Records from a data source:
○ ○ ○ ○ ○

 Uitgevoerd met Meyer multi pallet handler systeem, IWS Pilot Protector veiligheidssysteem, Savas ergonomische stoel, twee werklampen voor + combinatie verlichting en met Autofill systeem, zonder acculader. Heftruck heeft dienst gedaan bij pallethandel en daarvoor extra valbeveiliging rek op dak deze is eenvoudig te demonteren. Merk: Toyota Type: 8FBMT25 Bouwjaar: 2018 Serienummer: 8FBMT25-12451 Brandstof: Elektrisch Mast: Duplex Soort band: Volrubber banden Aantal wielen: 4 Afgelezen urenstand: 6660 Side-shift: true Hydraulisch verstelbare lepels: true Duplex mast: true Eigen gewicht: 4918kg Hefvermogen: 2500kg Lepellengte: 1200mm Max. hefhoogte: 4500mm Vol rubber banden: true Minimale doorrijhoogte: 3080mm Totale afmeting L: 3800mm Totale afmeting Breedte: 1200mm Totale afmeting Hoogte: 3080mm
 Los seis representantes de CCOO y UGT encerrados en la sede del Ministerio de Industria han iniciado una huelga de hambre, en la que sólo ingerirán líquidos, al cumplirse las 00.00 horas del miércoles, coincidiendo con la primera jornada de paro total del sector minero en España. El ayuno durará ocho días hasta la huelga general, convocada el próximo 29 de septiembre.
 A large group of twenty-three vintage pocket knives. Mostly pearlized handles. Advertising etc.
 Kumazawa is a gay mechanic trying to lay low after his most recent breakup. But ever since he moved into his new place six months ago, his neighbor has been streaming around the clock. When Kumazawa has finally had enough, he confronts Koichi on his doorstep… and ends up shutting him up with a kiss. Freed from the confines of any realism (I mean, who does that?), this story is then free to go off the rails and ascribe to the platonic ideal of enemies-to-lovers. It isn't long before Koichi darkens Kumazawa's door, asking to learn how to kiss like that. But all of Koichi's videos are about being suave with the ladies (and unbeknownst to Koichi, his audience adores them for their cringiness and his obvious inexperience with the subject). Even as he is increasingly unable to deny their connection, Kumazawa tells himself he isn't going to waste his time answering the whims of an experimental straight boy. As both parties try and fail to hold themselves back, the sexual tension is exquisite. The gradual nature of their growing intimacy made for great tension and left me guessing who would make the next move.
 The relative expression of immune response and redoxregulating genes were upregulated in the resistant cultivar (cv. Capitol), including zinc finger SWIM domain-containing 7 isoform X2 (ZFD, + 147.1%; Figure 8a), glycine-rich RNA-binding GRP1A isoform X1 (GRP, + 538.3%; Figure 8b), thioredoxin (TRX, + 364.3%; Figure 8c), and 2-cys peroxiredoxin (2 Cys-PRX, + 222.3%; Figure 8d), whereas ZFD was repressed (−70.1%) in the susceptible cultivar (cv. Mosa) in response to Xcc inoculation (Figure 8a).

○ ○ ○ ○ ○

*TASK TO CARRY OUT*
What is needed is a word-for-word copy of all the records above.

*EXERCISE RESULT*
 Uitgevoerd met Meyer multi pallet handler systeem, IWS Pilot Protector veiligheidssysteem, Savas ergonomische stoel, twee werklampen voor + combinatie verlichting en met Autofill systeem, zonder acculader. Heftruck heeft dienst gedaan bij pallethandel en daarvoor extra valbeveiliging rek op dak deze is eenvoudig te demonteren. Merk: Toyota Type: 8FBMT25 Bouwjaar: 2018 Serienummer: 8FBMT25-12451 Brandstof: Elektrisch Mast: Duplex Soort band: Volrubber banden Aantal wielen: 4 Afgelezen urenstand: 6660 Side-shift: true Hydraulisch verstelbare lepels: true Duplex mast: true Eigen gewicht: 4918kg Hefvermogen: 2500kg Lepellengte: 1200mm Max. hefhoogte: 4500mm Vol rubber banden: true Minimale doorrijhoogte: 3080mm Totale afmeting L: 3800mm Totale afmeting Breedte: 1200mm Totale afmeting Hoogte: 3080mm
 Los seis representantes de CCOO y UGT encerrados en la sede del Ministerio de Industria han iniciado una huelga de hambre, en la que sólo ingerirán líquidos, al cumplirse las 00.00 horas del miércoles, coincidiendo con la primera jornada de paro total del sector minero en España. El ayuno durará ocho días hasta la huelga general, convocada el próximo 29 de septiembre.
 A large group of twenty-three vintage pocket knives. Mostly pearlized handles. Advertising etc.
 Kumazawa is a gay mechanic trying to lay low after his most recent breakup. But ever since he moved into his new place six months ago, his neighbor has been streaming around the clock. When Kumazawa has finally had enough, he confronts Koichi on his doorstep… and ends up shutting him up with a kiss. Freed from the confines of any realism (I mean, who does that?), this story is then free to go off the rails and ascribe to the platonic ideal of enemies-to-lovers. It isn't long before Koichi darkens Kumazawa's door, asking to learn how to kiss like that. But all of Koichi's videos are about being suave with the ladies (and unbeknownst to Koichi, his audience adores them for their cringiness and his obvious inexperience with the subject). Even as he is increasingly unable to deny their connection, Kumazawa tells himself he isn't going to waste his time answering the whims of an experimental straight boy. As both parties try and fail to hold themselves back, the sexual tension is exquisite. The gradual nature of their growing intimacy made for great tension and left me guessing who would make the next move.
 The relative expression of immune response and redoxregulating genes were upregulated in the resistant cultivar (cv. Capitol), including zinc finger SWIM domain-containing 7 isoform X2 (ZFD, + 147.1%; Figure 8a), glycine-rich RNA-binding GRP1A isoform X1 (GRP, + 538.3%; Figure 8b), thioredoxin (TRX, + 364.3%; Figure 8c), and 2-cys peroxiredoxin (2 Cys-PRX, + 222.3%; Figure 8d), whereas ZFD was repressed (−70.1%) in the susceptible cultivar (cv. Mosa) in response to Xcc inoculation (Figure 8a).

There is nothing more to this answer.